The 2nd largest economy in the world, China will open its markets and thereby allow the currency to float within the next 5 years, as stated by the Chief Executive Officer of Hong Kong Exchanges & Clearing Ltd.; Charles Li. Li added that China needs to reform the current interest rate system that it has in place now. Based on the current system, the major Chinese currency, Yuan is only allowed to increase or decrease within a narrow range, as it is limited by the country’s Government.
The Yuan forwards have increased for the 7th straight day now as optimism is there in market that the Asian powerhouse will embark on further currency reforms. Incidentally, Yuan traded close to 19-year high against the greenback as Zhou Xiachuan, the Governor of Chinese Central Bank, declared that China should be on high alert over inflation. He reiterated importance of gradual reform for convertibility of Yuan.
According to the Chief Executive Officer of Eurex AG, Andreas Preuss, Asian market holds future for most of the investors. He added that as population is growing in this region, so as average wealth; it is obvious that demand for options and futures contracts will be created over here.
As far as the data of People’s Bank of China is concerned, the proportion of international transactions conducted through Yuan increased to 9% from 1% of the year 2009. Incidentally, on the very same year, China started a pilot program that allowed usage of Yuan to complete international transactions.
By the next 2 years, more than one-third of the total cross-border trade of China will be done through Yuan, according to the HSBC forecast report published in this week. Incidentally, if this happens, Yuan will become one of the 3 most used currencies for worldwide trading; the other 2 being Euro and USD.

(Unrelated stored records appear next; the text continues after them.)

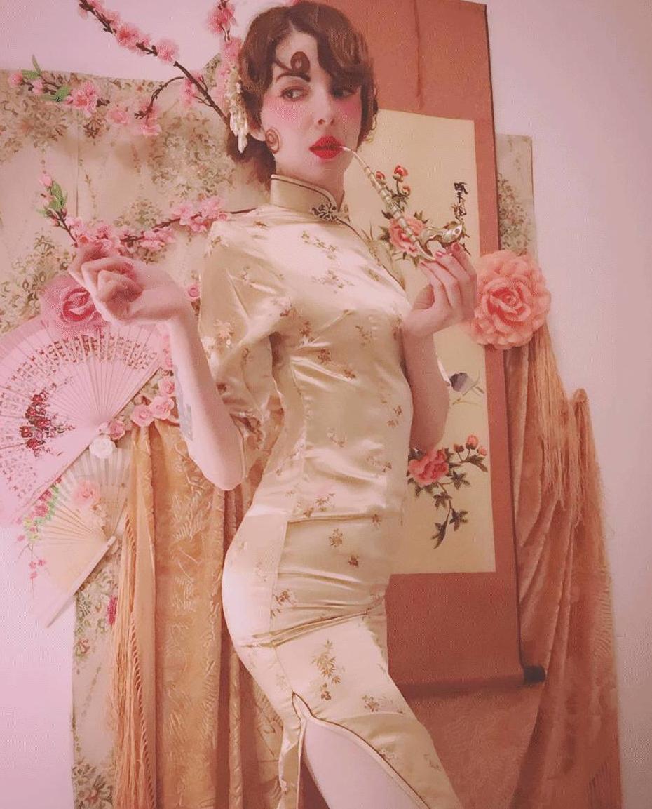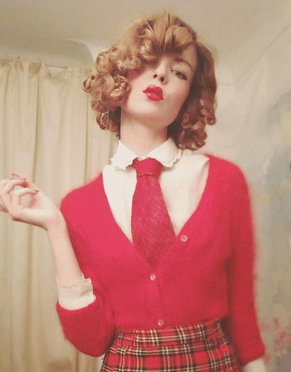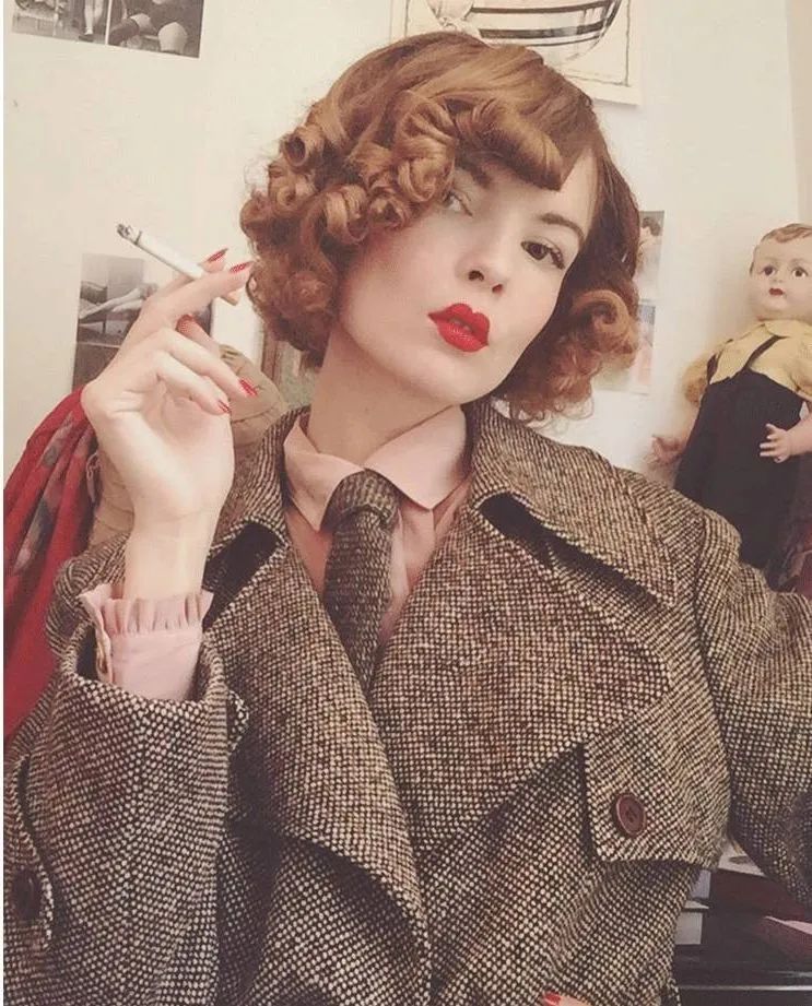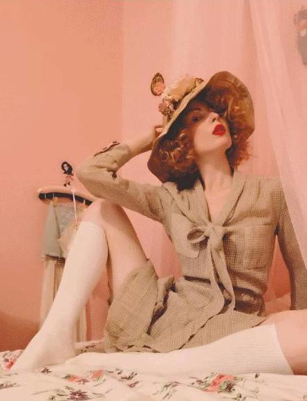 和那些追求当代时尚的妹子不同,她只钟情于上个世纪的复古装扮。
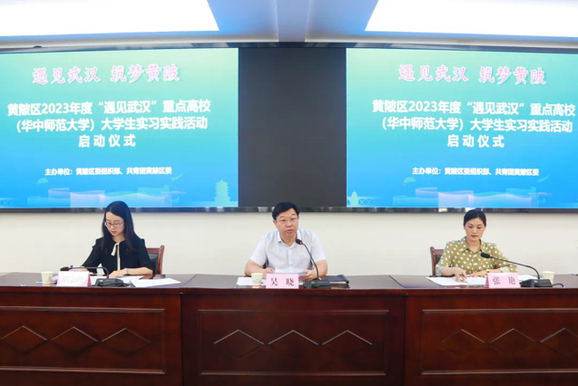 华大青年讯(文字 胡羽 摄影 各学部学院(所、中心)团委)7月10日,2023年度“遇见武汉 筑梦黄陂”华中师范大学大学生实习实践活动启动仪式在黄陂举行。黄陂区19家政务实习单位人事负责人及华中师范大学29名校级“青马班”学子参加启动仪式。
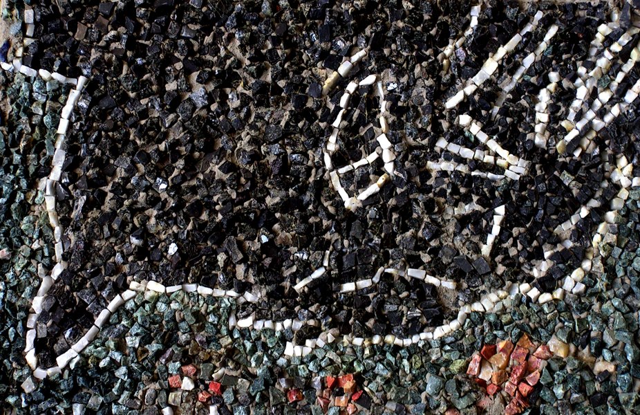 Premier travail Technique romaine - Marteline et tranchet - Pose directeMosaïque protégeant du mauvais oeil
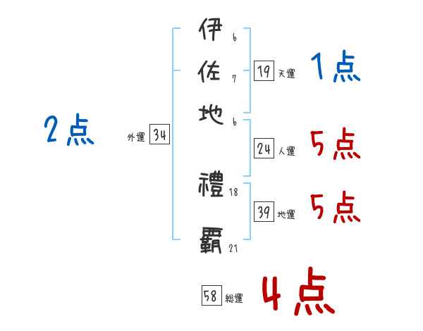 総運![]() | 伊佐地禮覇さんの総運は58画の4つ星!安定した生活。大器晩成タイプ。 あなたの人生を表す1番重要な運勢です。生涯を通じて影響する総合運となり、主に50歳以降の晩年期に影響を及ぼします。 |

Incidentally, Paris, Zurich and London are currently racing against each other to become the new center for Yuan trading in the Euro region, as Chinese Government has intentions of taking it to entire world. Incidentally, the Bank of England recently announced that it is ahead in the race to become first of the Group of 7 countries to sign a currency-swap agreement with People’s Bank of China after a meeting was conducted in February. If it happens, UK Central Bank may supply 400 billion Yuan to banks.